Unsloth’s Dynamic 2.0 quantization keeps important layers (e.g., attention weights) at higher precision (8‑bit or 16‑bit) while aggressively compressing less critical layers. The result is a 4‑bit model whose performance is almost indistinguishable from the original FP16 checkpoint.

Memory Requirements (Quick Reference)

0.8B / 2B : runs on almost any device with ~3 GB RAM + VRAM.

4B (Q4 quant) : needs ~7 GB; a MacBook Air M1 with 8 GB RAM can handle it.

9B (Q4 quant) : needs ~9 GB; a 16 GB MacBook Pro or a GPU with 12 GB VRAM runs it comfortably.

Thus a 9B model in Q4 quant can outperform many 80B models while fitting on a laptop.

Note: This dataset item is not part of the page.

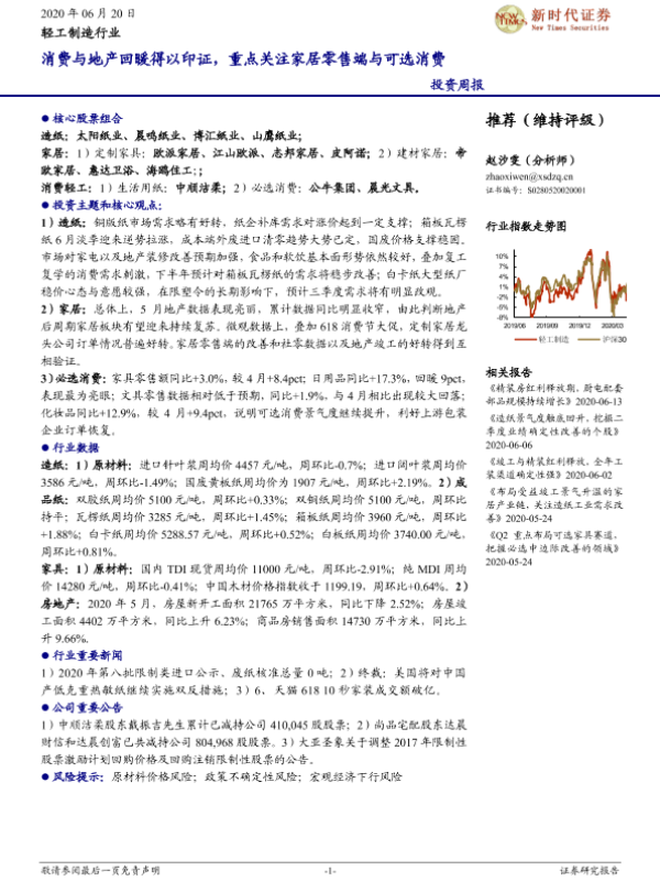 【新时代证券】【20200620】20200620-新时代证券-轻工制造行业投资周报:消费与地产回暖得以印证,重点关注家居零售端与可选消费-23页 行业研究

Choosing a Quantization Version

UD‑Q4_K_XL

(recommended): best balance of size and accuracy, negligible precision loss. Q4_K_M: classic 4‑bit quantization with the widest compatibility, small loss. UD‑Q2_K_XL: extreme memory saving, acceptable loss for very constrained devices. Q8_0: near‑full precision, requires more memory.

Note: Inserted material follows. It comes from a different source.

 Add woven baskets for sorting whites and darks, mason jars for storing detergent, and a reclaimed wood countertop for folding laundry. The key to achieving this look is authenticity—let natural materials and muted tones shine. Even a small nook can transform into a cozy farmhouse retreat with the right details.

Unsloth’s KL‑divergence tests place UD‑Q4_K_XL on the Pareto front as SOTA.

Method 1 – Run Directly with llama.cpp (Recommended)

1. Compile llama.cpp

# Clone the latest repository
git clone https://github.com/ggml-org/llama.cpp.git
cd llama.cpp
# macOS / CPU build
cmake -B build -DGGML_CUDA=OFF
cmake --build build --config Release -j
# If you have an NVIDIA GPU, enable CUDA:
# cmake -B build -DGGML_CUDA=ON
# cmake --build build --config Release -j

2. Download a GGUF model

pip install huggingface_hub hf_transfer
# Example: download the 9B Q4_K_M version
huggingface-cli download unsloth/Qwen3.5-9B-GGUF \
    --include "Qwen3.5-9B-Q4_K_M.gguf" \
    --local-dir ./models

Replace 9B with 0.8B, 2B or 4B to get other sizes.

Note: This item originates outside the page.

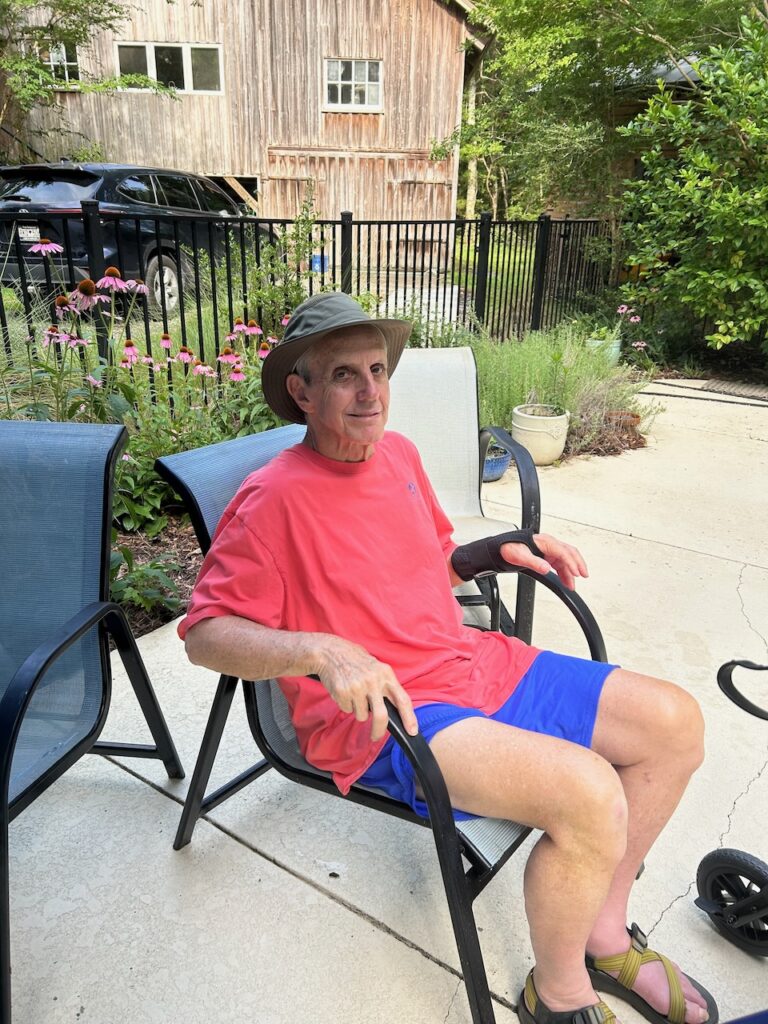 My main deficit was left-sided weakness: my left arm and leg were not working at all – were flaccid. PT taught me how to get around in a wheelchair using just my right arm and right leg (used for steering). The initial results were poor – I was like a drunken sailor in the hallway, veering from one wall to another. I came to accept my deficits, and learn about strokes. I was fortunate to have no speech or cognitive deficit, though I was confused initially. I was grateful to have excellent care from the nursing staff, and skilled help from the therapists, as well as daily visits from my wife Susan.

3. Interactive chat (Non‑Thinking mode, default)

./build/bin/llama-cli \
    -m ./models/Qwen3.5-9B-Q4_K_M.gguf \
    --ctx-size 16384 \
    -cnv

That launches a simple REPL.

4. Enable Thinking mode

The small models ship with Thinking disabled. To enable it, start llama-server with an extra JSON argument:

./build/bin/llama-server \
    -m ./models/Qwen3.5-9B-Q4_K_M.gguf \
    --ctx-size 16384 \
    --chat-template-kwargs '{"enable_thinking":true}'

Now the model can emit a <think>…</think> reasoning chain.

Method 2 – Deploy as an OpenAI‑compatible API with llama-server

Start the server (Non‑Thinking is recommended for everyday use):

# Non‑Thinking (default)
./build/bin/llama-server \
    -m ./models/Qwen3.5-9B-Q4_K_M.gguf \
    --ctx-size 16384 \
    --port 8080 \
    --n-gpu-layers 35
# Thinking mode (optional)
./build/bin/llama-server \
    -m ./models/Qwen3.5-9B-Q4_K_M.gguf \
    --ctx-size 16384 \
    --port 8080 \
    --n-gpu-layers 35 \
    --chat-template-kwargs '{"enable_thinking":true}'

Consume the service from any OpenAI SDK. Example with the Python client:

from openai import OpenAI
client = OpenAI(base_url="http://localhost:8080/v1", api_key="EMPTY")
response = client.chat.completions.create(
    model="Qwen3.5-9B",
    messages=[{"role": "user", "content": "用 Python 写一个快速排序"}],
    temperature=0.7,
    top_p=0.8,
    max_tokens=4096,
)
print(response.choices[0].message.content)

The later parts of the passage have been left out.